7. Toutefois, il ressort des pièces du dossier, notamment du rapport disciplinaire, que les évaluations annuelles de l'intéressé étaient positives soulignant à la fois un travail sérieux, efficace et de bonnes relations avec les résidents et qu'avant la nuit du 23 juin 2016, aucun reproche ne lui avait été fait en trente années de service pour le même CROUS. Si celui-ci fait valoir que, du fait de ses quatre absences sur une période de huit jours, l'agent a mis en danger la sécurité des étudiants de la résidence, il est constant que le centre n'a pris aucune mesure particulière pour avertir ou suspendre M. A...dès le premier constat d'absence de l'intéressé dans la nuit du 12 au 13 juin 2016, tandis que ce dernier affirme sans être contredit que, depuis son licenciement intervenu en janvier 2017, le poste qu'il occupait n'a pas été pourvu. Ainsi, compte tenu de l'ensemble des circonstances de l'espèce, alors notamment que devant la commission paritaire siégeant en formation disciplinaire, la proposition d'exclusion temporaire de fonctions pour une durée d'un mois avait recueilli le même nombre de voix que celle du licenciement, la mesure de licenciement sans préavis ni indemnité prise le 13 janvier 2017 par le directeur général du CROUS de Versailles à l'encontre de M.A..., qui constitue la sanction la plus grave dans l'échelle des sanctions applicables, est disproportionnée et doit donc être annulée.

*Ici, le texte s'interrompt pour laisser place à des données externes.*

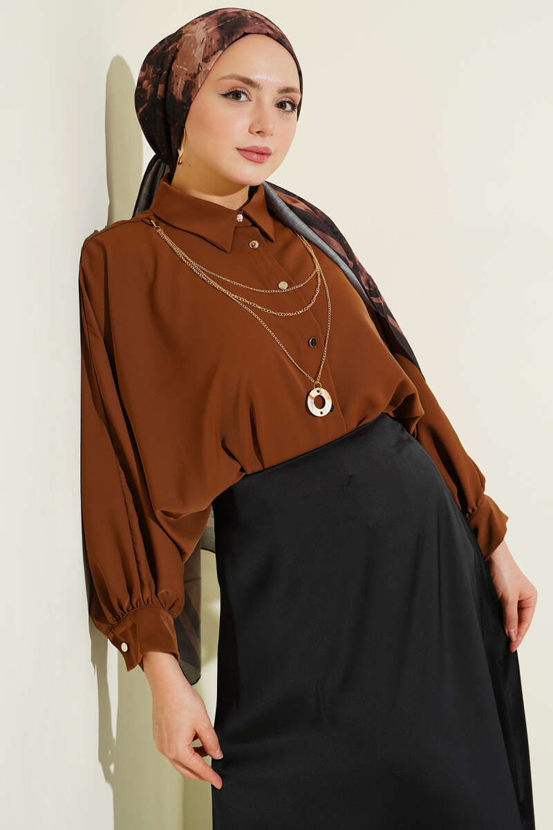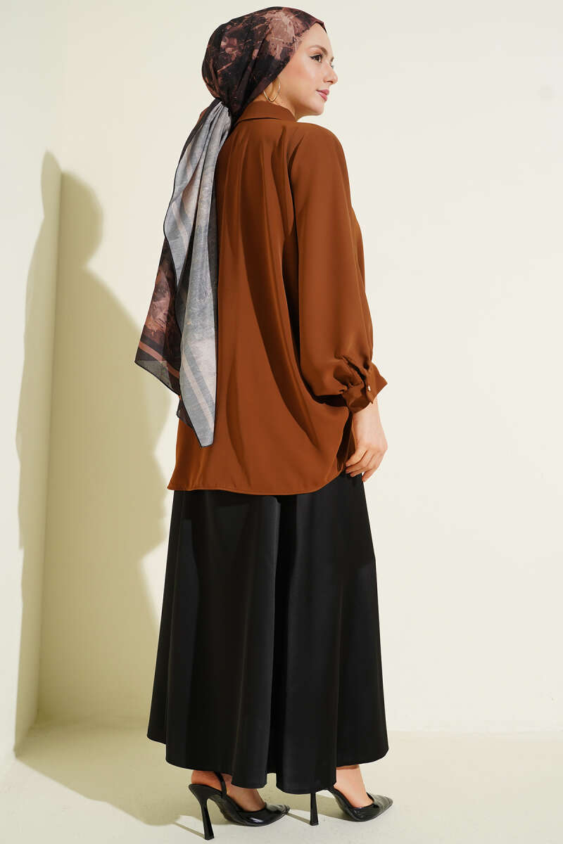 Yarasa Kol Kolyeli Oversize Gömlek Kestane

8. Il résulte de ce qui précède, sans qu'il soit besoin d'examiner les autres moyens de la requête, que M. A...est fondé à soutenir que c'est à tort que, par le jugement attaqué, le Tribunal administratif de Versailles a rejeté sa demande.
Sur les conclusions aux fins d'injonction :
9. Il résulte de ce qui précède que l'annulation par le présent arrêt de la décision du 13 janvier 2017 par laquelle le directeur général du CROUS de l'académie de Versailles a licencié M. A...implique nécessairement la réintégration de l'intéressé à la date de son licenciement. Par suite, il y a lieu pour la Cour d'ordonner la réintégration de l'intéressé à la date de la mesure de licenciement illégale, dans un délai de deux mois à compter de la notification du présent arrêt.
Sur les frais liés au litige :
10. Les dispositions de l'article L. 761-1 du code de justice administrative font obstacle à ce que soit mis à la charge de M.A..., qui n'est pas, dans la présente instance, la partie perdante, le versement de la somme que le CROUS demande au titre des frais exposés et non compris dans les dépens. Il y a lieu en revanche, dans les circonstances de l'espèce, de faire droit aux conclusions présentées par M. A...au titre de ces dispositions en mettant à la charge du CROUS de l'académie de Versailles le versement de la somme demandée de 2 000 euros.
DÉCIDE :
Article 1er : Le jugement n° 1701760 du 9 octobre 2017 du Tribunal administratif de Versailles et la décision du 13 janvier 2017 du directeur général du CROUS de l'académie de Versailles sont annulés.
Article 2 : Il est enjoint au CROUS de l'académie de Versailles de réintégrer M. A...à compter de la date de son licenciement, dans un délai de deux mois à compter de la notification du présent arrêt.
Article 3 : Le CROUS de l'académie de Versailles versera à M. A...une somme de 2 000 euros en application des dispositions de l'article L. 761-1 du code de justice administrative.
Article 4 : Les conclusions du CROUS de l'académie de Versailles présentées au titre de l'article L. 761-1 du code de justice administrative sont rejetées.